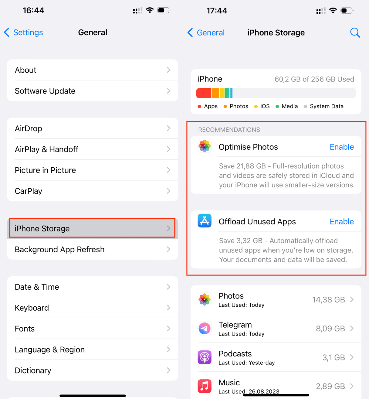 Hvis du bruker iPhone til å ta bilder og videoer, kan lagringen bli rotete på kort tid. Apple gjenkjenner problemet og foreslår noen raske handlinger som kan hjelpe deg med å optimalisere iPhone-lagringen. For å få tilgang til Apples anbefalinger, gå til Innstillinger > Generelt. Trykk her på iPhone-lagring og la den beregne dataene dine. Her er noen av anbefalingene du kan finne der:
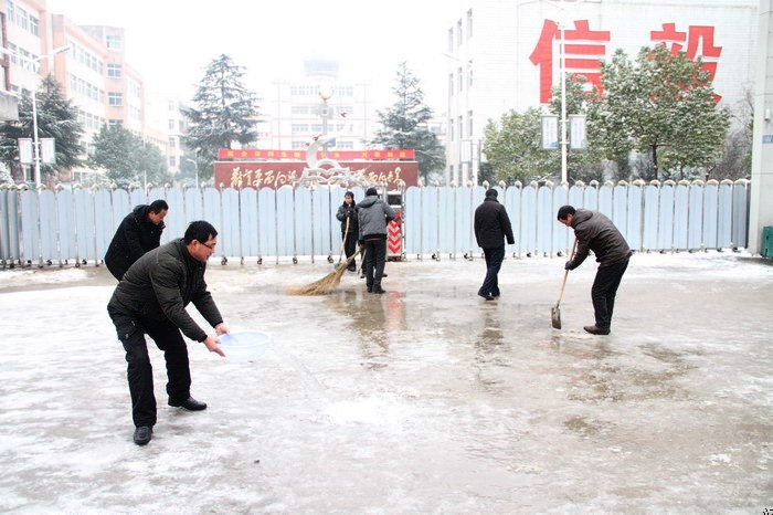 三是及时清理校园内的积雪。雪停后学校积极组织力量铲除校园内主干道和大门前的积雪,以确保广大师生的通行安全。
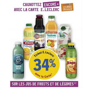 Leclerc : 34% en Tickets E.Leclerc sur les jus de fruits et de légumes (31/08)
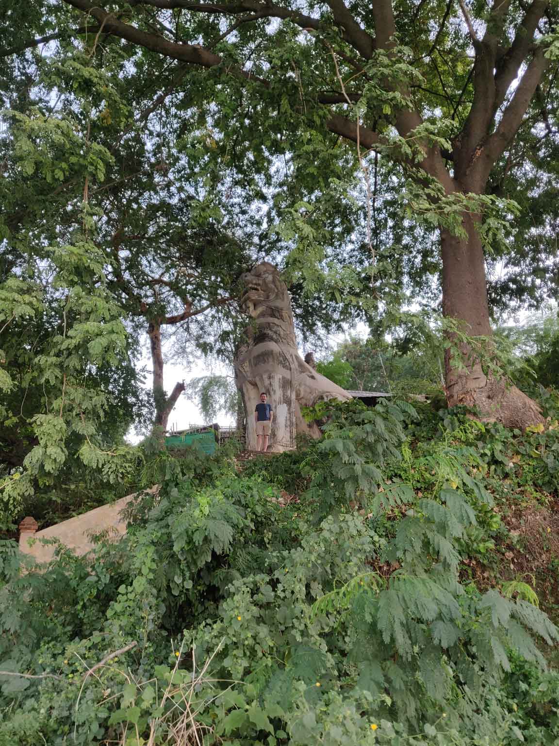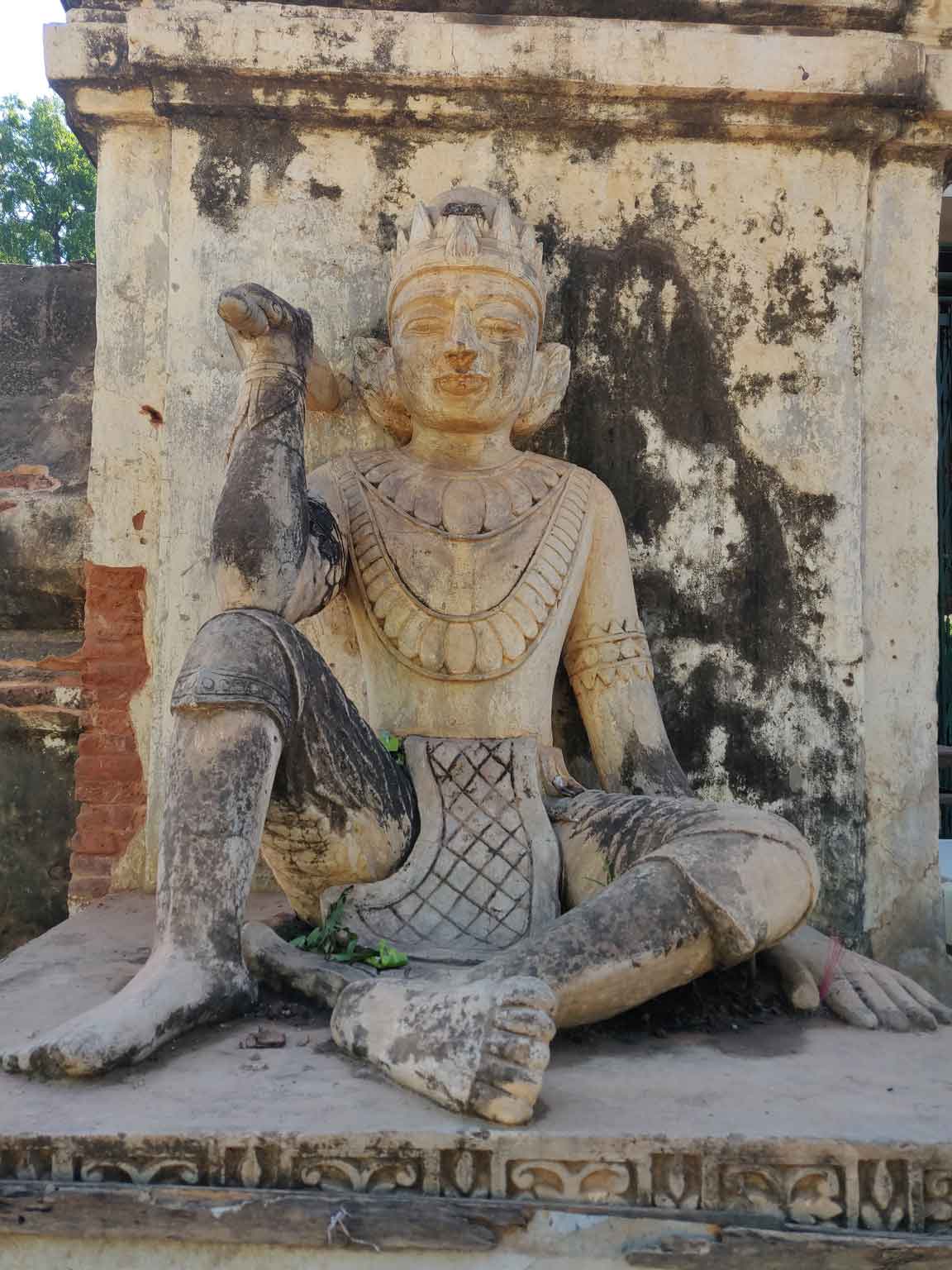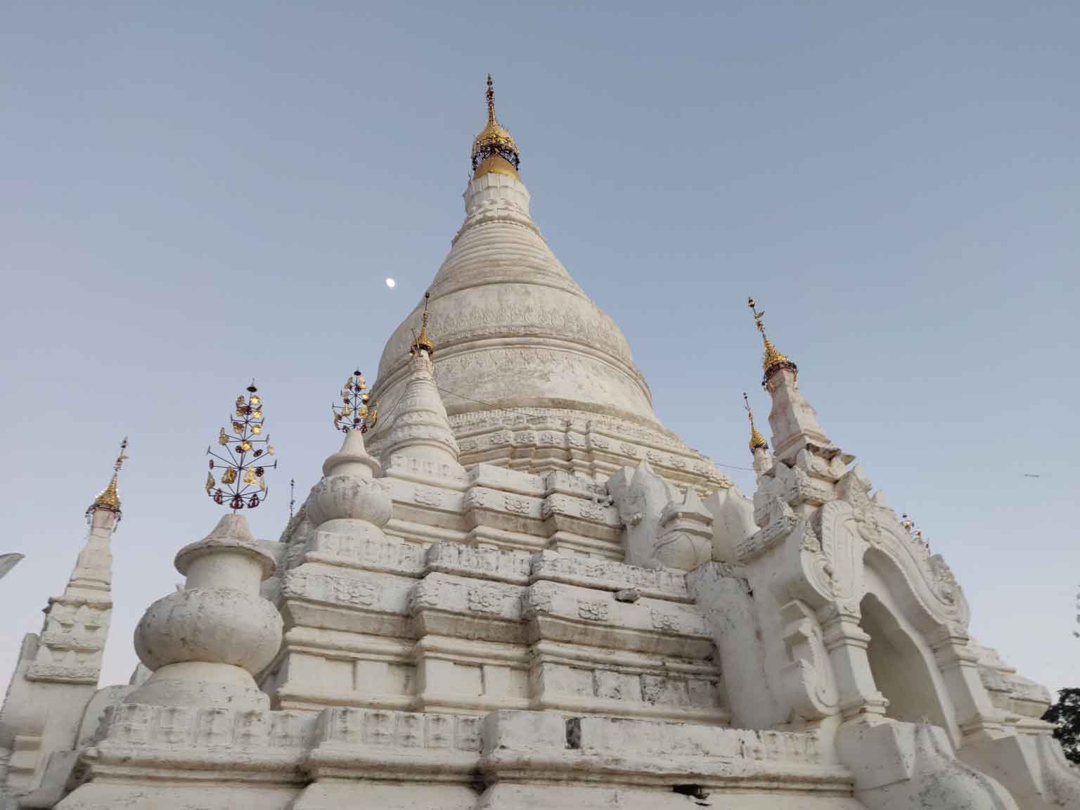 En continuant sur la route, Camille repère le Thaathbinyu, qui restera son architecture préférée ! Murs blancs (même si la pluie a laissé des traces) et surtout petites pointes crénelées au sommet qui se détachent sur le ciel.
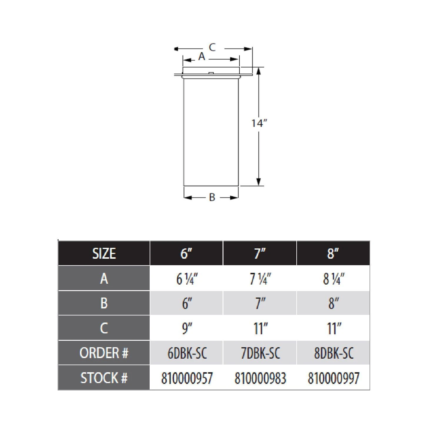 DuraVent DBK-SC DuraBlack Slip Connector with Trim provides a premium product for use with the DuraBlack chimney system. This connector adapts a DuraBlack pipe to a 6- to 8-inch ceiling support box, including DuraTech, DuraPlus, and DuraTech Premium Systems and adds 3 to 13 inches of length to rigid pipe. This slip connector can also be added to 6- to 8-inch DuraTech finishing collars.
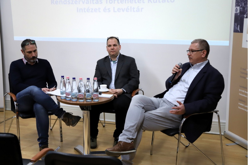 A Rendszerváltás Történetét Kutató Intézet és Levéltár tanácstermében, 2026. február 10-én került sor Müller Rolf (tudományos kutató, osztályvezető, ÁBTL) és Ivánfi Miklós (egyetemi tanársegéd, ELTE BTK Történeti Intézet Új- és Jelenkori Magyar Történeti Tanszék) műhelybeszélgetésére, amelyet Intézetünk tudományos igazgatója, Strausz Péter moderált.
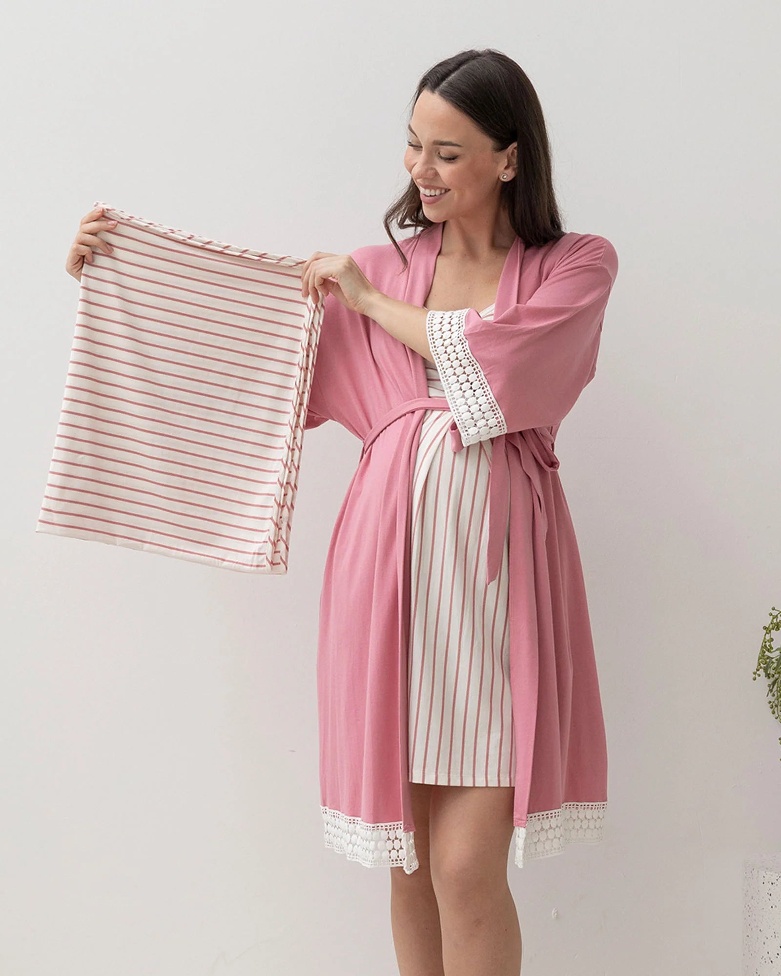 The Angel Maternity 3-Piece Birthing and Nursing Robe Set is perfect to snuggle up in before and after your delivery! This gorgeous design with lace trim, made with a super soft material is essential to your hospital stay. The perfect weight to keep you comfy and cosy in the freezing temps at the hospital!
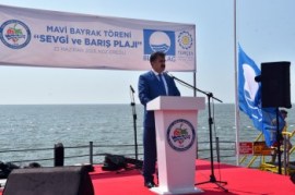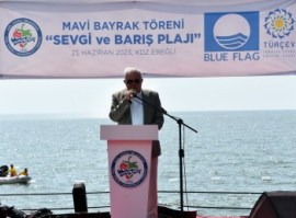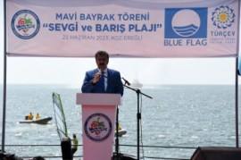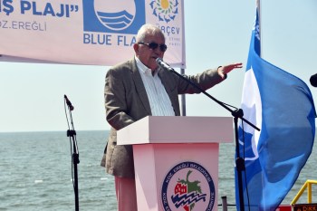 “Ülkemizin bir cennet köşesinde bulunmaktan çok mutluyum. Mavi Bayrak uygulamasını 30 yıl önce bakan olduğum dönemde başlattık. Bu bayrak bir ülkenin sadece sularının değil aynı zamanda yeşilinde, insanlarının çevreye, ekolojiye verdiği önem açısından önemli bir simgedir. Evet şu anda bu güzel plajımızda mavi bayrak dalgalandıracağız. Bir plaja, hem ulusal, hem uluslararası denetimlerden geçerek 33 ayrı kriteri var. Bu kriterleri kazanmak epey alın teri istiyor. Bu konuda Kdz. Ereğli Belediye Başkanı Halil Posbıyık’ı ve çalışma arkadaşlarını kutluyorum. 4 yıldır sürdürdükleri çalışma sonunda Mavi Bayrağı kazandılar.
————
WHAT TO PRODUCE >>
Leave out the pictures and output the rest of the records exactly.

ANSWER >>
 Hvis du bruker iPhone til å ta bilder og videoer, kan lagringen bli rotete på kort tid. Apple gjenkjenner problemet og foreslår noen raske handlinger som kan hjelpe deg med å optimalisere iPhone-lagringen. For å få tilgang til Apples anbefalinger, gå til Innstillinger > Generelt. Trykk her på iPhone-lagring og la den beregne dataene dine. Her er noen av anbefalingene du kan finne der:
 三是及时清理校园内的积雪。雪停后学校积极组织力量铲除校园内主干道和大门前的积雪,以确保广大师生的通行安全。
 Leclerc : 34% en Tickets E.Leclerc sur les jus de fruits et de légumes (31/08)
 En continuant sur la route, Camille repère le Thaathbinyu, qui restera son architecture préférée ! Murs blancs (même si la pluie a laissé des traces) et surtout petites pointes crénelées au sommet qui se détachent sur le ciel.
 DuraVent DBK-SC DuraBlack Slip Connector with Trim provides a premium product for use with the DuraBlack chimney system. This connector adapts a DuraBlack pipe to a 6- to 8-inch ceiling support box, including DuraTech, DuraPlus, and DuraTech Premium Systems and adds 3 to 13 inches of length to rigid pipe. This slip connector can also be added to 6- to 8-inch DuraTech finishing collars.
 A Rendszerváltás Történetét Kutató Intézet és Levéltár tanácstermében, 2026. február 10-én került sor Müller Rolf (tudományos kutató, osztályvezető, ÁBTL) és Ivánfi Miklós (egyetemi tanársegéd, ELTE BTK Történeti Intézet Új- és Jelenkori Magyar Történeti Tanszék) műhelybeszélgetésére, amelyet Intézetünk tudományos igazgatója, Strausz Péter moderált.
 The Angel Maternity 3-Piece Birthing and Nursing Robe Set is perfect to snuggle up in before and after your delivery! This gorgeous design with lace trim, made with a super soft material is essential to your hospital stay. The perfect weight to keep you comfy and cosy in the freezing temps at the hospital!
 “Ülkemizin bir cennet köşesinde bulunmaktan çok mutluyum. Mavi Bayrak uygulamasını 30 yıl önce bakan olduğum dönemde başlattık. Bu bayrak bir ülkenin sadece sularının değil aynı zamanda yeşilinde, insanlarının çevreye, ekolojiye verdiği önem açısından önemli bir simgedir. Evet şu anda bu güzel plajımızda mavi bayrak dalgalandıracağız. Bir plaja, hem ulusal, hem uluslararası denetimlerden geçerek 33 ayrı kriteri var. Bu kriterleri kazanmak epey alın teri istiyor. Bu konuda Kdz. Ereğli Belediye Başkanı Halil Posbıyık’ı ve çalışma arkadaşlarını kutluyorum. 4 yıldır sürdürdükleri çalışma sonunda Mavi Bayrağı kazandılar.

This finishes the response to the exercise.